• **PROBLEM DESCRIPTION**
Copy only what lies from the line containing "Conexão Magnética e" through the line containing "2-комнатная квартира, 37" in the entries below, keeping both end lines exact and dropping every picture.

• **EXCERPTED DATA**
------

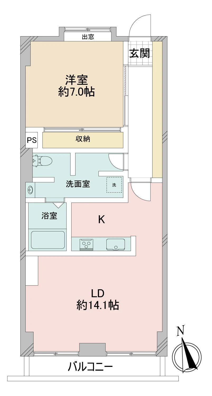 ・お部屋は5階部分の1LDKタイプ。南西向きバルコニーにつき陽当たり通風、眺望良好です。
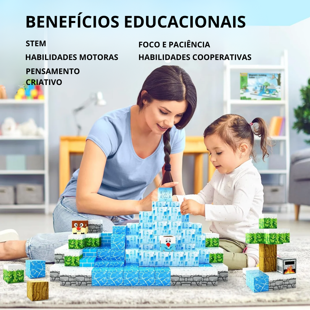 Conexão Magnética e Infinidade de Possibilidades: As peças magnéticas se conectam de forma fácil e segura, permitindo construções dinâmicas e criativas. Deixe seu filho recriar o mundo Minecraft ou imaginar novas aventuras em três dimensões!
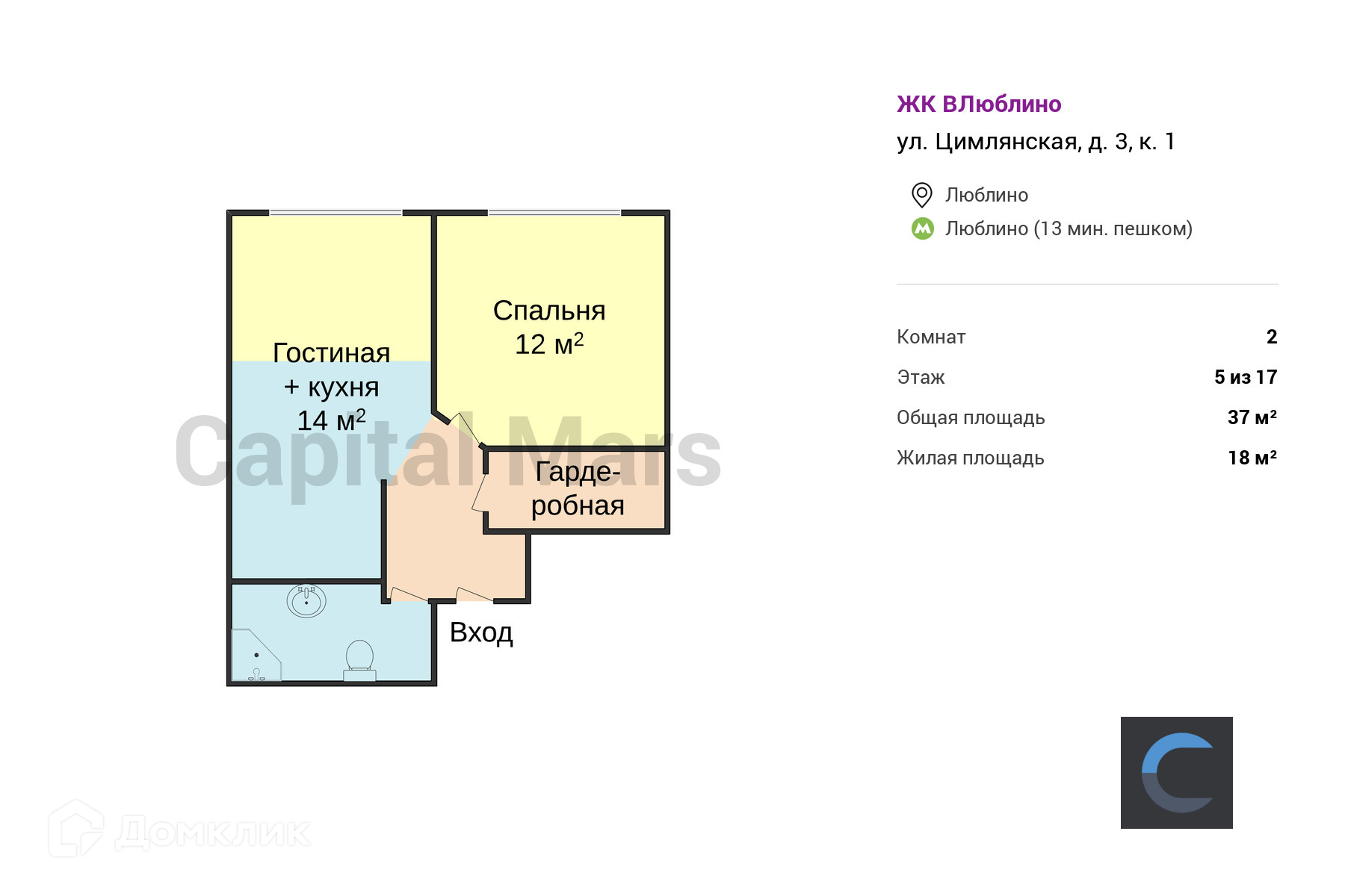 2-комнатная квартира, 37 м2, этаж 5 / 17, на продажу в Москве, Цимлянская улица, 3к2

------

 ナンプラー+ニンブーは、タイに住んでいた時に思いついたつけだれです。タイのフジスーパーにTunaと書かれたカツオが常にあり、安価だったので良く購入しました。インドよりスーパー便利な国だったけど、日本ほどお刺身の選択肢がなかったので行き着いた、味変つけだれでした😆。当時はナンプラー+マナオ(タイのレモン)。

------

• **SOLUTION TO THE EXERCISE**
 Conexão Magnética e Infinidade de Possibilidades: As peças magnéticas se conectam de forma fácil e segura, permitindo construções dinâmicas e criativas. Deixe seu filho recriar o mundo Minecraft ou imaginar novas aventuras em três dimensões!
 2-комнатная квартира, 37 м2, этаж 5 / 17, на продажу в Москве, Цимлянская улица, 3к2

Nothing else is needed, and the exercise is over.